[[ Information shown, beginning ]]

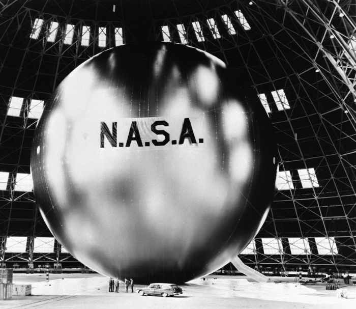 During ground inflation tests, 40,000 pounds (18,000 kg) of air were needed to fill the balloon, but while in orbit, several pounds of gas were all that was required to fill the sphere. At launch, the balloon weighed 156.995 pounds (71.212 kg), including 33.34 pounds (15.12 kg) of sublimating powders of two types. According to NASA, “To keep the sphere inflated in spite of meteorite punctures and skin permeability, a make-up gas system using evaporating liquid or crystals of a subliming solid were incorporated inside the satellite.” One of the powders weighed 10 pounds (4.5 kg), with a very high vapor pressure; the other had a much lower vapor pressure.
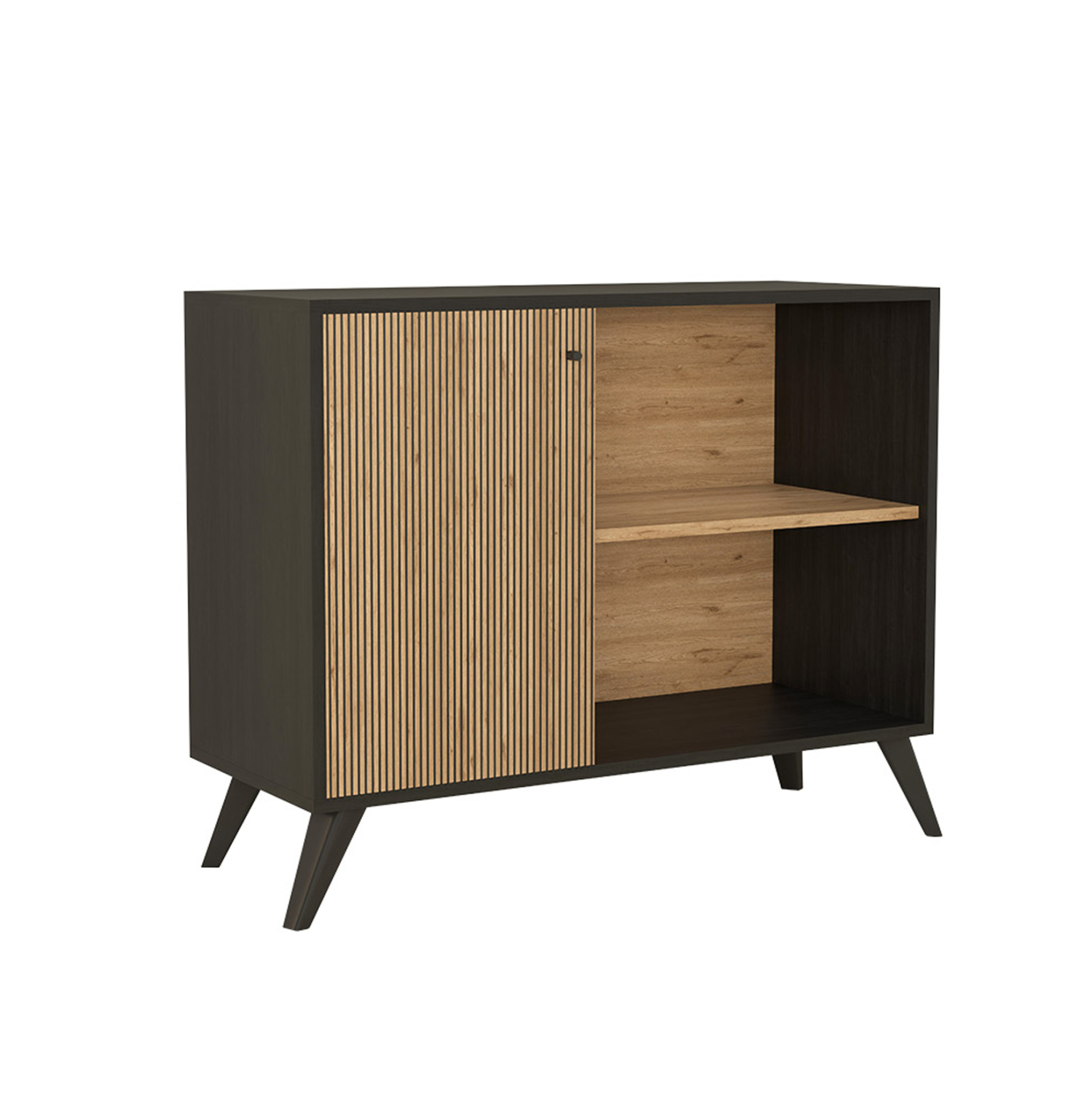 Ο μπουφές KRUDEN είναι ένα πρακτικό και βολικό σε διαστάσεις έπιπλο όπου κι αν τον τοποθετήσετε. Έχει ένα ντουλάπι με μικρό χερουλάκι στην μία πλευρά, ενώ το υπόλοιπο έπιπλο είναι ανοιχτός χώρος τοποθέτησης αντικειμένων με ένα ράφι. Το χρώμα όλης της κατασκευής είναι μαύρο, ενώ η πόρτα στο ντουλάπι και το ράφι είναι σε φυσικό χρώμα ξύλου. Ο μπουφές αυτός θα σας ενθουσιάσει! Τι είναι όμως ο μπουφές;
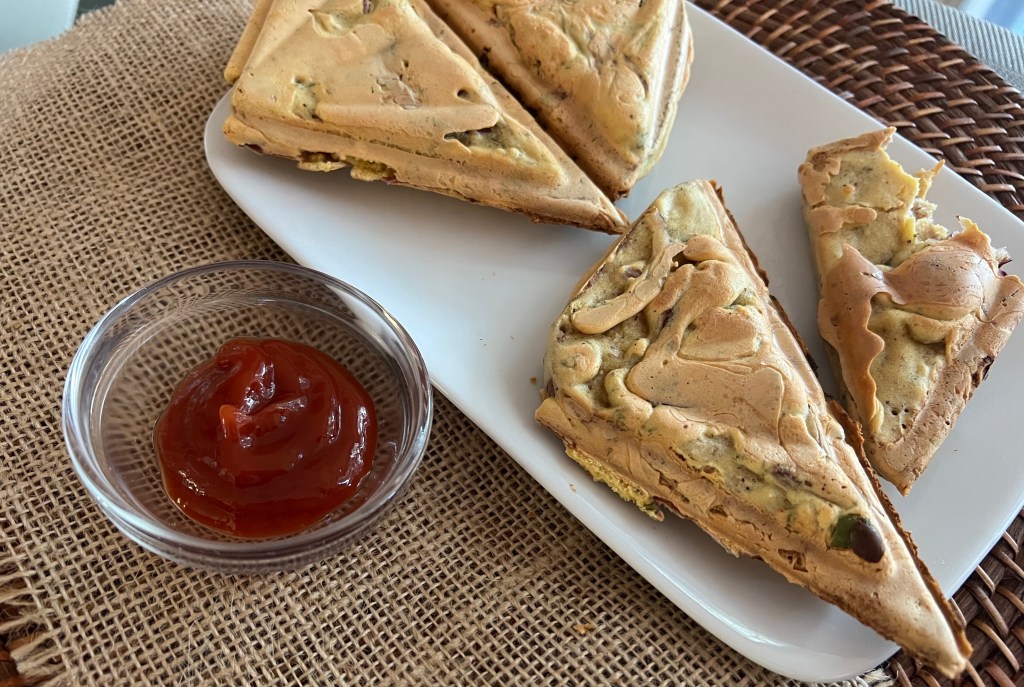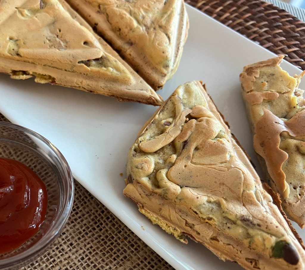 So if you can make this without even a drop of oil or the deep frying, its brilliant! Totally guilt free comfort food. All you need is a Sandwich Maker or a Waffle Maker. The bread I prefer is the Exekiel Bread. It’s got the best of both worlds: it’s tasty and nutritious. It is loaded with micronutrients and macronutrients that’ll keep you satiated and stay healthy. Its ingredient list contains 100 percent wholesome ingredients. It is made from Organic Sprouted grains and lentils and no added sugar. Since all these are sprouted, more nutrients are available to us. Sprouting of the grains and legumes makes this bread easier to digest and much more nutrient dense. To top it, it has no additives or preservatives!

[[ Information shown, end ]]

» Your task: Transcribe the material exactly, keeping every word and none of the pictures.

» Solution to this exercise:
 During ground inflation tests, 40,000 pounds (18,000 kg) of air were needed to fill the balloon, but while in orbit, several pounds of gas were all that was required to fill the sphere. At launch, the balloon weighed 156.995 pounds (71.212 kg), including 33.34 pounds (15.12 kg) of sublimating powders of two types. According to NASA, “To keep the sphere inflated in spite of meteorite punctures and skin permeability, a make-up gas system using evaporating liquid or crystals of a subliming solid were incorporated inside the satellite.” One of the powders weighed 10 pounds (4.5 kg), with a very high vapor pressure; the other had a much lower vapor pressure.
 Ο μπουφές KRUDEN είναι ένα πρακτικό και βολικό σε διαστάσεις έπιπλο όπου κι αν τον τοποθετήσετε. Έχει ένα ντουλάπι με μικρό χερουλάκι στην μία πλευρά, ενώ το υπόλοιπο έπιπλο είναι ανοιχτός χώρος τοποθέτησης αντικειμένων με ένα ράφι. Το χρώμα όλης της κατασκευής είναι μαύρο, ενώ η πόρτα στο ντουλάπι και το ράφι είναι σε φυσικό χρώμα ξύλου. Ο μπουφές αυτός θα σας ενθουσιάσει! Τι είναι όμως ο μπουφές;
 So if you can make this without even a drop of oil or the deep frying, its brilliant! Totally guilt free comfort food. All you need is a Sandwich Maker or a Waffle Maker. The bread I prefer is the Exekiel Bread. It’s got the best of both worlds: it’s tasty and nutritious. It is loaded with micronutrients and macronutrients that’ll keep you satiated and stay healthy. Its ingredient list contains 100 percent wholesome ingredients. It is made from Organic Sprouted grains and lentils and no added sugar. Since all these are sprouted, more nutrients are available to us. Sprouting of the grains and legumes makes this bread easier to digest and much more nutrient dense. To top it, it has no additives or preservatives!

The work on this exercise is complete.